PROVIDED ENTRIES:

-- -- --

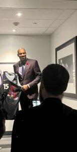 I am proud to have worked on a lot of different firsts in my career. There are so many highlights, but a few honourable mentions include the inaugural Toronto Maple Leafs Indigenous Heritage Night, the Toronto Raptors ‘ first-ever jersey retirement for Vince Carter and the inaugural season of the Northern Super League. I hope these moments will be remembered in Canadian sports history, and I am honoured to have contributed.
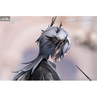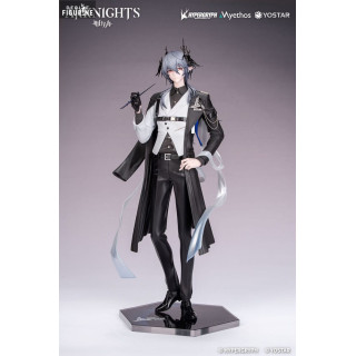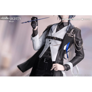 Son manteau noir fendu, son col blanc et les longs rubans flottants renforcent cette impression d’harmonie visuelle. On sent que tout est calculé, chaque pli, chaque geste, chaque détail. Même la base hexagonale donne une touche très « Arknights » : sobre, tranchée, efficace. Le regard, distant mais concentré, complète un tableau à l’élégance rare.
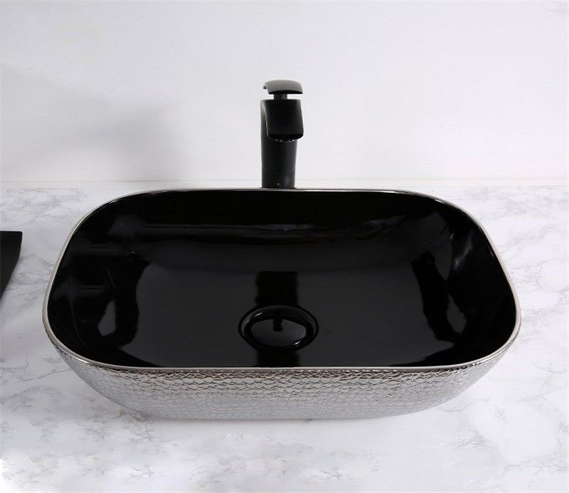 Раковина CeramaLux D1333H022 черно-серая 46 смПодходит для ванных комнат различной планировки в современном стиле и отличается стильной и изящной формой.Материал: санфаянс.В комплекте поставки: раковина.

-- -- --

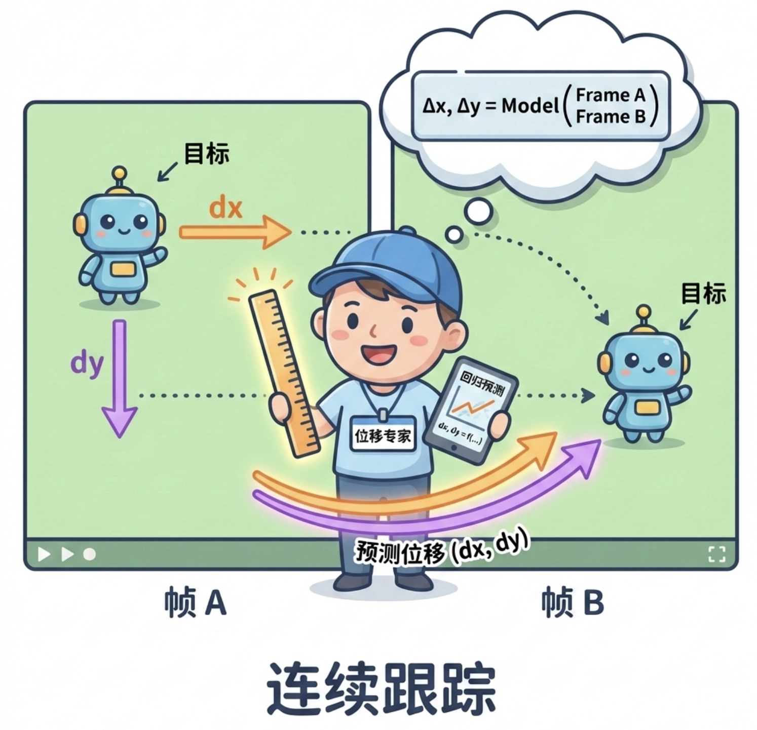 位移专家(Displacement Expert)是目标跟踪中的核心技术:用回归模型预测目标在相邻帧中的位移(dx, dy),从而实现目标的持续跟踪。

-- -- --

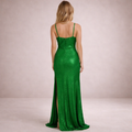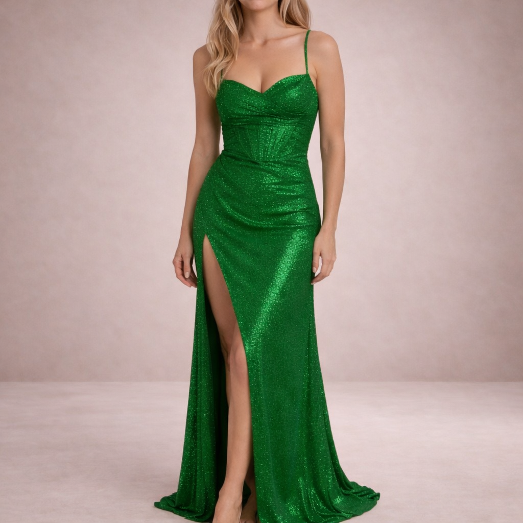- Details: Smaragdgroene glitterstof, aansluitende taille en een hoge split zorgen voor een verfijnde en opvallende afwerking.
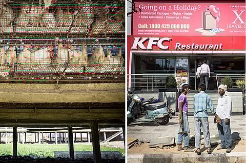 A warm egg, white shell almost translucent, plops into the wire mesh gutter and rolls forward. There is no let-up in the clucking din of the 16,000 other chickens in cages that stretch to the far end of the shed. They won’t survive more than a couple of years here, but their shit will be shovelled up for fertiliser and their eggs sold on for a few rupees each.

-- -- --

WHAT THE TASK ASKS: Each line from the one that contains "Son manteau noir" down to the one that contains "Раковина CeramaLux D1333H022" is to be returned exactly as it stands above, both ends included, with pictures removed.

SOLUTION TO THE EXERCISE:
 Son manteau noir fendu, son col blanc et les longs rubans flottants renforcent cette impression d’harmonie visuelle. On sent que tout est calculé, chaque pli, chaque geste, chaque détail. Même la base hexagonale donne une touche très « Arknights » : sobre, tranchée, efficace. Le regard, distant mais concentré, complète un tableau à l’élégance rare.
 Раковина CeramaLux D1333H022 черно-серая 46 смПодходит для ванных комнат различной планировки в современном стиле и отличается стильной и изящной формой.Материал: санфаянс.В комплекте поставки: раковина.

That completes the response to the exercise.